The protections for an accused or convicted child are underpinned by the policy objectives of the juvenile justice system. The approach to juvenile justice has differed from that of the adult criminal justice system since the beginning of the twentieth century, when separate laws, courts and corrections were established for young offenders. At that time, the newly established system was based on a welfare model, extending the capacity of the state to intervene in people’s lives for humanitarian reasons.[1] The system emphasised care and control as part of the response to criminal behaviour. In the second half of the twentieth century the welfare model was criticised by both civil libertarians (concerned about the impact of state intervention on the young person) and the law-and-order lobby (concerned about injustice for the victim). A ‘justice’ model gained favour, based on due process rights, visible and accountable decision making, and individual responsibility for criminal behaviour.[2] At the same time came the development of programs to divert young offenders from the formal court system for minor offences, particularly through cautioning and panels (usually involving a social worker and police who met with the child and the parent/guardian). More recently a ‘restorative’ model of justice has become increasingly influential in Australia, with options such as juvenile conferences and victim reparation schemes becoming popular.[3] The Young Offenders Act 1997 (NSW) provides elements of diversionary programs (through warnings and cautions) and the ‘restorative’ model (through youth justice conferencing).
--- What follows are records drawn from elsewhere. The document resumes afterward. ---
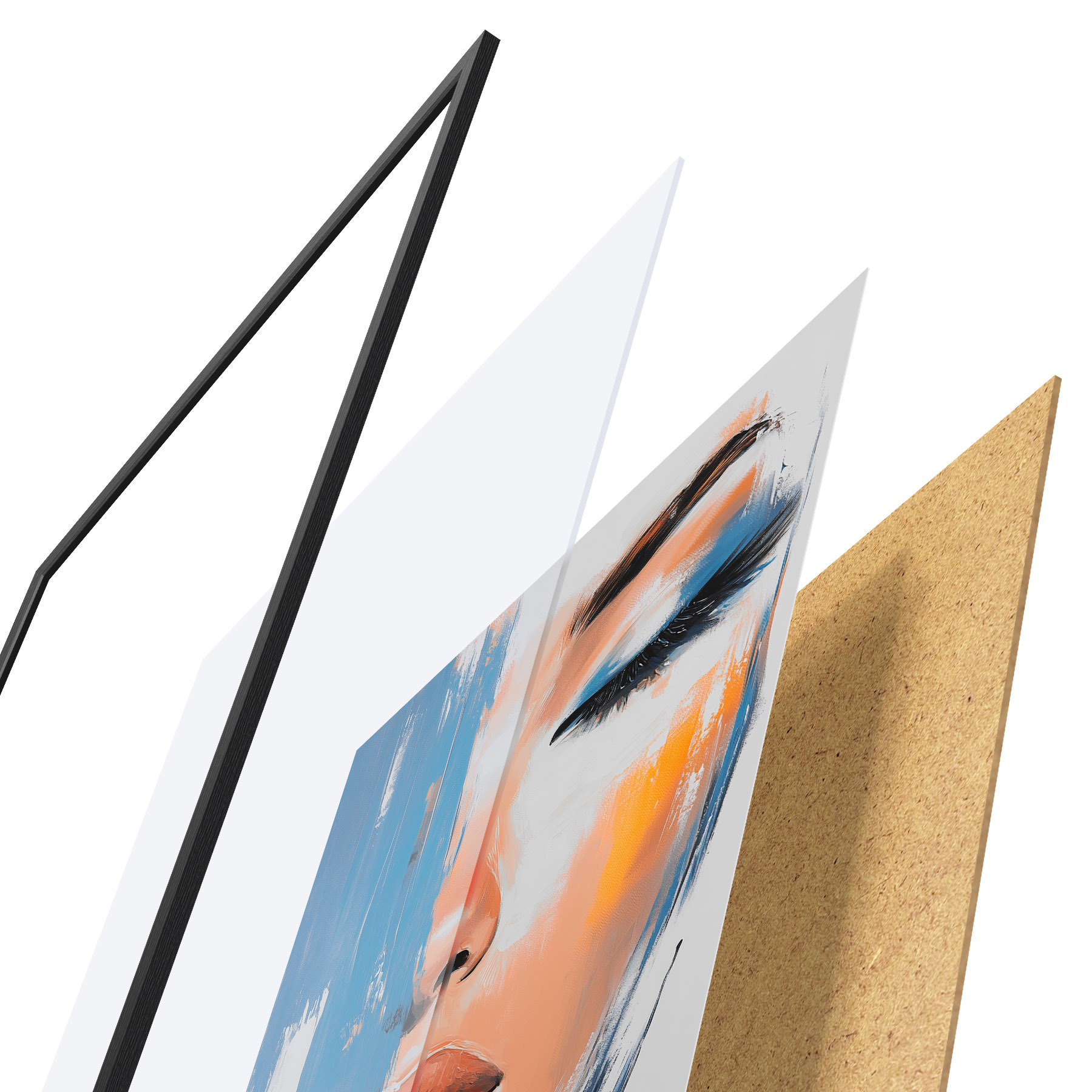 Plakāts sastāv no rāmja, pleksstikla, iespiestā attēla un skaidu plātnes pamatnes. Plakātu var uzreiz piekarināt pie sienas, pateicoties aizmugurē esošajiem stiprinājumiem.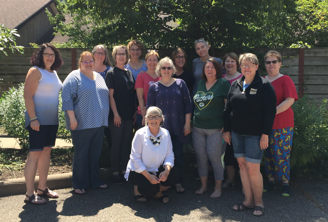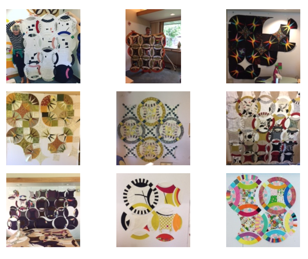 We (Beatrice and I and 12 fabulous quilters) had a load of fun at Woodland Ridge Retreat center, in Menominee, WI! Five glorious days of cutting and throwing fabric around, making Double Wedding Ring Quilts!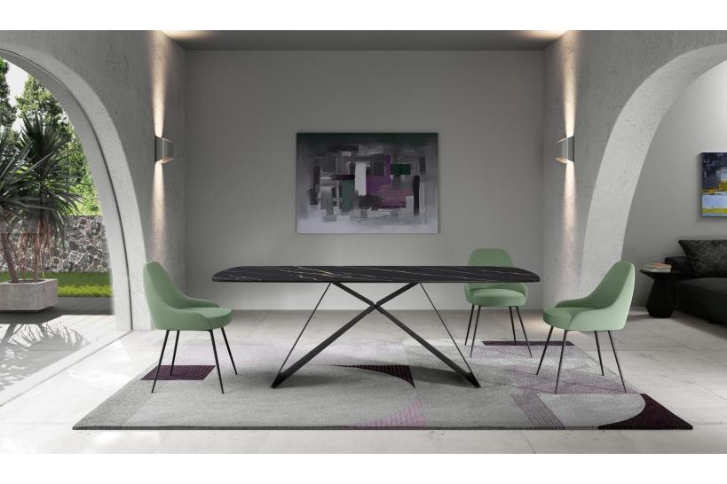 Le gambe in metallo nero non sono solo sinonimo di solidità: danno un tocco minimal, quasi scultoreo, che si abbina alla perfezione sia ad arredi moderni sia ad ambienti più ricercati. L’equilibrio fra materiali di qualità e cura dei dettagli trasforma questo tavolo fisso nell’elemento distintivo della sala da pranzo o della zona living.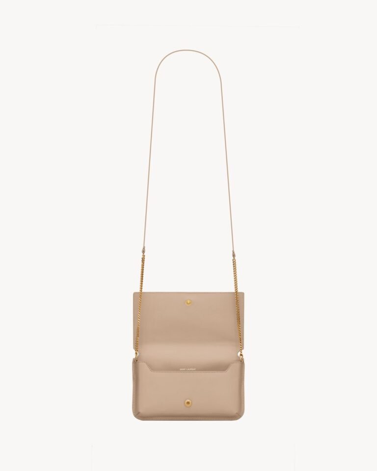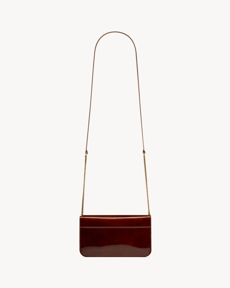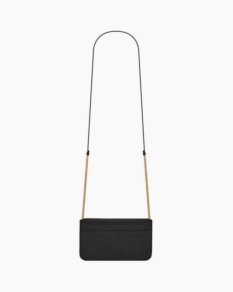 Cell phone holder with front flap decorated WITH THE CASSANDRE, featuring a leather and chain shoulder strap. Dimensions:18 x 11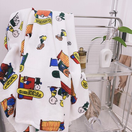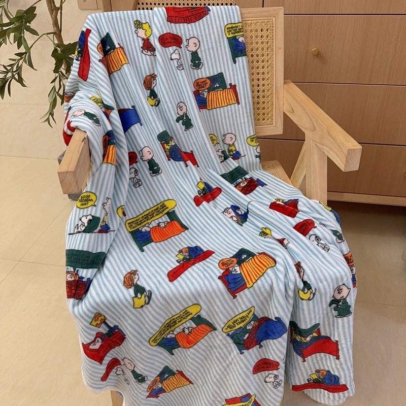 新款晚安史努比卡通印花毯子儿童毛毯 推车盖毯 幼儿园午睡细绒毯

Every state and territory has introduced new juvenile justice legislation in the last 20 years. All are now based on a justice model, but most jurisdictions also have a variety of diversionary programs, including some form of juvenile conferencing. The procedure and principles in current use reflect a justice model with an emphasis on due process and sentences which are both determinate and proportionate.[4] While the justice model supports ‘just deserts’ and deterrence principles, the approach to punishment within the children’s courts has retained some features of the welfare model, with rehabilitation being a key factor in the sentencing of young people.[5]

The trends that have occurred in the juvenile justice field in Australia are generally consistent with the relevant United Nations conventions, guidelines and rules, in particular the United Nations Convention on the Rights of the Child (CROC)[6] and the Standard Minimum Rules for the Administration of Juvenile Justice (Beijing Rules).[7] Although not necessarily binding on Australia under international law, the rules and commentary in the Beijing Rules represent internationally accepted minimum standards. The ALRC uses them as an important reference point in the development of policies underpinning its recommendations for reform in this field.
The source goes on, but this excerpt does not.